Iron Maiden, la storia di "Virus"
Sarà nelle librerie dal 19 giugno "Children of the damned - Testi e canzoni degli Iron Maiden dalle origini a Senjutsu" (352 pagine, 20 euro) pubblicato nella collana Le Tormente dall'editore Tsunami e scritto da Stefano Cerati.
Spiega l'autore:
Gli Iron Maiden non sono mai stati una concept band basata soprattutto su un solo argomento, ma anzi hanno esplorato più risvolti dei mondi dell’heavy metal. Hanno toccato con successo i temi della vita da strada, il fantasy, la Storia e la guerra, la morte e gli assassini, la fantascienza, il senso della vita, l’horror e la religione, dimostrandosi una band completa, multiforme e in grado di stimolare sempre la fantasia degli ascoltatori. I due autori principali, Steve Harris e Bruce Dickinson, hanno stili a volte diversi, ma anche complementari, e trovano spesso un terreno comune nella Storia, nell’horror e nel fantasy. Ed è per questo che, dopo tanti anni, ho voluto realizzare il mio personale tributo agli Iron Maiden, commentando tutti i loro testi originali. In questo libro troverete dunque tutte le canzoni presenti negli album – al netto delle strumentali – e anche le bonus track delle varie edizioni (oltre a "Virus", che è l’unica traccia di senso compiuto a non essere mai finita su un album neppure come bonus), per un totale di 174 pezzi.

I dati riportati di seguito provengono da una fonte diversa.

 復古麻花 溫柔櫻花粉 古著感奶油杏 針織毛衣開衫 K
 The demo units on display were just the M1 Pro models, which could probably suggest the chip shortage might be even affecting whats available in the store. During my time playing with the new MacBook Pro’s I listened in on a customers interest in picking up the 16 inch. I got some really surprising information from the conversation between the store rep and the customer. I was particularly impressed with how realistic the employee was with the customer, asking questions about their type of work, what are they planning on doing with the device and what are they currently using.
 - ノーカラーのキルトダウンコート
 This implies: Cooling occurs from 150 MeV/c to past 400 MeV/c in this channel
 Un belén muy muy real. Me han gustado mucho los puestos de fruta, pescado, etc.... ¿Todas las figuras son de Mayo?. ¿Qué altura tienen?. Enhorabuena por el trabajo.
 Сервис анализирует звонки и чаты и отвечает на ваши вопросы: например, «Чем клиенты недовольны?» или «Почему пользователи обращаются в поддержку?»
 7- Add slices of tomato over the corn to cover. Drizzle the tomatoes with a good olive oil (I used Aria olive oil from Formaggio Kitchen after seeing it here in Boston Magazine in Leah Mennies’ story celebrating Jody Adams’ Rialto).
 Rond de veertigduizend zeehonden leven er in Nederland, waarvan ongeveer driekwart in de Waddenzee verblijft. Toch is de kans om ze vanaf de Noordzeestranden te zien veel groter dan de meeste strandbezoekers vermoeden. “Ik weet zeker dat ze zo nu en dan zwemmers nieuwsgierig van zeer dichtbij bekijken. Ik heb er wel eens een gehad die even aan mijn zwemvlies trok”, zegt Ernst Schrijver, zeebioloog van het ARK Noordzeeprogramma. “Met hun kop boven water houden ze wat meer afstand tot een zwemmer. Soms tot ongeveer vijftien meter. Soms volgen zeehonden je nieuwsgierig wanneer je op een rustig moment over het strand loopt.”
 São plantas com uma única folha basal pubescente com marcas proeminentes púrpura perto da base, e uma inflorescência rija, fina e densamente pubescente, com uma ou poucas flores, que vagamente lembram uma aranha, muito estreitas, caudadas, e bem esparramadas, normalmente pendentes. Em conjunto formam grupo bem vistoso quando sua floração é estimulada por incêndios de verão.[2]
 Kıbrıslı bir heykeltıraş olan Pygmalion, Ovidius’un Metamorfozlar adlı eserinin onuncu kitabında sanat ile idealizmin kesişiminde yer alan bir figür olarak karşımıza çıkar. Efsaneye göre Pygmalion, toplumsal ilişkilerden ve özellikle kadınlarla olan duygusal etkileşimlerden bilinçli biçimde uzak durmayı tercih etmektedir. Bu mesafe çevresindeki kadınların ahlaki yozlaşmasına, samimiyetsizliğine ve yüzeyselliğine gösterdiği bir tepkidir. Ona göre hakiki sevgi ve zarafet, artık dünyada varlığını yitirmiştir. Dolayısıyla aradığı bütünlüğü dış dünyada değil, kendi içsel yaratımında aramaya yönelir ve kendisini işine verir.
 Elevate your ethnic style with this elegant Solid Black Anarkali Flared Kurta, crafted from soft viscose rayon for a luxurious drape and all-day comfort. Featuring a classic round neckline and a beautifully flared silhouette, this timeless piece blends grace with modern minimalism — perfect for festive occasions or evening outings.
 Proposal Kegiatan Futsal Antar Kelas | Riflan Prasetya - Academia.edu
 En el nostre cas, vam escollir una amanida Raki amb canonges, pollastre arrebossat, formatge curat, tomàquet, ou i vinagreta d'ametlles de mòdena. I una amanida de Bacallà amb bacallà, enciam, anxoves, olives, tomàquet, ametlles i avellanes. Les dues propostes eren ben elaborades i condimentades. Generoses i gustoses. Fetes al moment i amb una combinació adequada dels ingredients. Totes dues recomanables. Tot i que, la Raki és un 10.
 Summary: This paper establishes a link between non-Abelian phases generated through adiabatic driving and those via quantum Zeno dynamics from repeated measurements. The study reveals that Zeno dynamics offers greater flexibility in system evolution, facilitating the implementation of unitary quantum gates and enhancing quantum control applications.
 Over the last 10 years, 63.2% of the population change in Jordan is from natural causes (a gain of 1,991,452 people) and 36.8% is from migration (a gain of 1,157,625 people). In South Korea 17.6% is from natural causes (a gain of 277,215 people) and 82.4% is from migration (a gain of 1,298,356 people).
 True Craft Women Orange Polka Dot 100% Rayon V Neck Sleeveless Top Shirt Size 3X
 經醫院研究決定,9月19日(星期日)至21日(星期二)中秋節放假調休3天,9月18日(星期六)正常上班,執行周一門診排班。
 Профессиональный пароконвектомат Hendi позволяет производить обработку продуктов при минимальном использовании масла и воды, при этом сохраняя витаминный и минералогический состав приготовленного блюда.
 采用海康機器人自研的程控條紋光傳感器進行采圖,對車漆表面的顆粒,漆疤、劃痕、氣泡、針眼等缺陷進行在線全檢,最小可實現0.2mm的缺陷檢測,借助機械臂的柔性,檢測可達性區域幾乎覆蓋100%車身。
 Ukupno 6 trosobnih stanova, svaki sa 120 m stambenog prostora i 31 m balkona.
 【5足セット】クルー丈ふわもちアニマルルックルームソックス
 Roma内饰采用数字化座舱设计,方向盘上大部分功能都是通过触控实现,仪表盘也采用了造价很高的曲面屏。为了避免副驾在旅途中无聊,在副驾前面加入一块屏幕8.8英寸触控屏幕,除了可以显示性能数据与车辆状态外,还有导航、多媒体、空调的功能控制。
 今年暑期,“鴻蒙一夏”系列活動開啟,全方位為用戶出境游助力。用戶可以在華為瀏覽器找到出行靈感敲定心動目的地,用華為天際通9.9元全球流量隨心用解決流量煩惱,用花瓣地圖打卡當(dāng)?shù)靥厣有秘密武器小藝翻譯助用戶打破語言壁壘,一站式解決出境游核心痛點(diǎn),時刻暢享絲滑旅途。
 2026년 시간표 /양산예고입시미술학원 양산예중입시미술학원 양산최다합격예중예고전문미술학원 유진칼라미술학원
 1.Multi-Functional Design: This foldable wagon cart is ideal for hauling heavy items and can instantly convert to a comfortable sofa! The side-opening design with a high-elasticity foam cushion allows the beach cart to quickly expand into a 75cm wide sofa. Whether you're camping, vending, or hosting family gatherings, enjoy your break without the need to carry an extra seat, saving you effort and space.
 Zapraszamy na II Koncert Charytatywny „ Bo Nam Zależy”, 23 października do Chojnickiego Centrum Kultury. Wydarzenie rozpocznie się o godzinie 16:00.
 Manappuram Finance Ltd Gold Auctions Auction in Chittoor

Per gentile concessione di Tsunami pubbichiamo qui la scheda di "Virus".
VIRUS
There’s an evil virus that’s threatening mankind
Not state of the art, a serious state of the mind
The muggers, the backstabbers, the two faced elite
A menace to society, a social disease.
C’è un virus malvagio che sta minacciando l’umanità
Non è lo stato dell’arte, è un serio stato d’animo
I rapinatori, chi pugnala alle spalle, l’élite dalla doppia faccia
Una minaccia per la società, una malattia sociale.
Questa è l’unica canzone degli Iron Maiden a non far parte di un album il cui testo valga la pena commentare. Registrata nel 1996, dopo la pubblicazione di The X Factor, è stata pubblicata solo come singolo e poi inclusa nella raccolta The Best of the Beast.
È la risposta della band a tutte le critiche e alle brutte recensioni ricevute dalla stampa inglese negli anni e che magari erano diventate più frequenti durante il periodo con Blaze Bayley. In questo caso la band si vuole prendere una rivincita. È come se dicesse: «Ok, ci avete distrutto sulla stampa, adesso è il nostro turno, ecco che cosa abbiamo da dire su di voi».
Steve Harris ha avuto modo di commentare che era abbastanza frustrante leggere tutte quelle recensioni negative, anche negli anni 350
Ottanta, soprattutto quelle dei singoli che venivano regolarmente massacrati. Il peggio per lui derivava dal fatto che alcuni giornalisti fossero prevenuti e altri invece non avessero neanche ascoltato gli album di cui scrivevano.
Come tutte le band che dicono di non fare caso alle reazioni della stampa, non è vero, agli Iron Maiden importava e soffrivano quando, dopo aver messo tanto lavoro e tanto impegno in un album, questo veniva demolito in cinque minuti.
Il testo è davvero pungente e sarcastico e i giornalisti vengono paragonati a un virus, una malattia per l’umanità che colpisce la mente. Si fanno beffe di questa élite dalla doppia faccia che magari saluta e poi ti pugnala alle spalle.
Vengono chiamati «rape of mind», stupri mentali, per sottolineare la brutalità del loro atteggiamento. Vengono a mangiare con te ai buffet offerti e poi non aspettano altro che una parola sbagliata per criticarti.
Ti vengono incontro sorridenti e ti stringono la mano, ma appena ti giri sono pronti a ingannarti. Quando pensi di essere al sicuro loro stanno affilando «i loro coltelli di carta». Ti distruggono e ci provano gusto. Vogliono fare affondare la nave e poi abbandonarla. Sono i topi in cantina, e loro sanno chi sono.